Unsurprisingly, this issue has plagued OT since its inception a quarter century ago. One issue is defining exactly what "problem" is: my own view is that the relevant question should not involve reifying a phenomenon (opacity), it involves comparison of analytic devices (ordering versus...). The term "opacity" was introduced by Kiparsky in 1971, but has received various definitions. The classical definition essentially said that allophonic rules (those satisfying the biuniqueness condition) are transparent, and nonallophonic rules (any neutralization or deletion) are opaque. Kiparsky was not proposing anything about the theory of grammar, the utility of the concept lies in its function in language change. In short, it's not clear what the limits of "opacity" are. However, counterfeeding as you pointed to is the most prominent form of problem case subsumed under "opacity".

Rules, Constraints, and Phonological Phenomena (Vaux & Nevins, eds.) has a paper "Ordering" that addresses some of the devices available (ca. 2000) for emulating ordering in OT. Briefly summarized and including other developments...

(1) Containment. Originally, segments were not deleted, they were simply "unparsed". That means that the winning candidate is [ʃikakíl(i)] with an unsyllabified i; because that vowel is still there, l is not really final.

(2) 2-level constraints. It has also been proposed that constraints can refer to properties of the input (remember that a tableau has the input in the NW corner, so this is conceptually an obvious possibility). The whole class of IO Faithfulness constraints exploits this possibility. So the constraint could refer to "whether the sonorant is final in the input".

(3) Constraint Conjunction: "you cannot both X and Y". You can delete a vowel, you can devoice a sonorant, but you cannot both delete a vowel and devoice a sonorant" (within a given substring). Deletion of a vowel violates Max, devoicing a vowel violates Ident, you cannot violate both constraints in a substring.

(4) Sympathy constraints. Faithfulness is extended to include a "sympathetic" candidate (the flower candidate), which is the best candidate that satisfies a particular constraint (such as Max). Then there is the sympathetic-candidate faithfulness constraint that says that the actual output has to be faithful to the flower candidate with respect to some property, in this case, the voicing of the flower candidate. The flower candidate is the best candidate (the underlying form, as it happens) that satisfies Max (which is in fact violated in the output).

(5) Operational domains. This is popular in the Optimal Domains Theory variant and used sometimes in mainstream versions (especially for reduplication). Basically, you can bracket a string various ways, and state constraints with respect to that bracketing.

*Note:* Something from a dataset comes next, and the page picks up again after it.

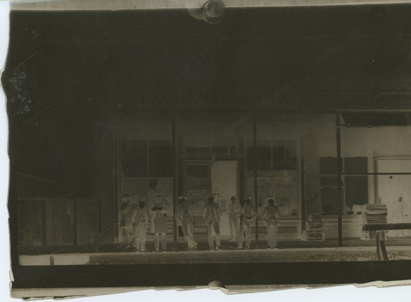 Exterior Exchange Bank, Ohio between 6th and 7th, in picture: Mr. Israel, owner of the bank, Joe Mctarland, Henry Stanley, and Mr. Archibald, manager of the bank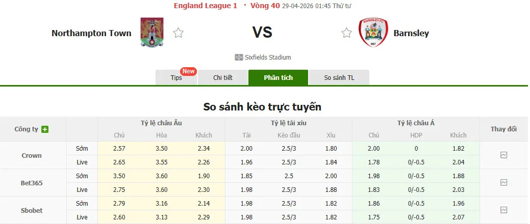 Nhận định soi kèo Northampton vs Barnsley, 01h45 ngày 29/4 tại hạng 2 Anh. Phân tích tỷ lệ kèo, dự đoán kết quả Northampton đấu với Barnsley từ tỷ lệ châu Âu, châu Á qua các chuyên gia hàng đầu.

Maybe the devoicing rule requires the sonorant to be adjacent to the bracket "}", which is assigned to the end of the word but not inside CV.

(6) Limited serial derivation. Lexical phonology versions of OT have multiple passes through the phonology. Final vowel deletion could be assigned to a different stratum, and constraint ranking can be different across strata.

(7) Candidate chains. This is whole nother kettle of fish, and I have to admit that I don't understand all of the details of how it is implemented. The idea is very simple, though, and was necessary in order to implement Sympathy theory without actual derivations. The problem in ST is that the evaluation of candidate A with respect to sympathy constraint Z depends on identifying flower candidate B, which requires evaluating all candidates for all constraints. That's a serial derivation, or looks like one.

This can be solved by generating not just a "phonetic" candidate, but also a proposed "sympathetic" candidate. So for example, if you need /niduura/ to generate the flower candidate nduura to guide selection of the phonetic candidate ninuura, you simply pair {ninuura, nduura} as well as many others like {ninuura, niduura} and so on – the first member of the n-tuple is the one pronounced, the second is the flower candidate. The pairing is simply the Cartesian product of the candidate set with itself.

This can be extended to have longer n-tuples of candidates such as {dosk'a, do:sk'a, du:sk'a} – this is a Yawelmani form, where o, o: trigger rounding of /a/, but surface [o] can derive from /u:/, and such an [o] does not condition harmony. Candidate chains amounts to selecting the correct n-tuple with the desired phonetic form, and that chain of candidates that leads to the phonetic form. There are various complications involving "Prec" constraints ("all violations of Max must precede any violations of Dep"), plus a limit on Gen, where adjacent candidates within a candidate n-tuple differ in "one thing".

I think that "Harmonic serialism" has gained ascendancy these days. In essence, rule ordering is back.

The dissertation by Bye also proposes a theory of "virtual phonology" to handle opacity, f.y.i.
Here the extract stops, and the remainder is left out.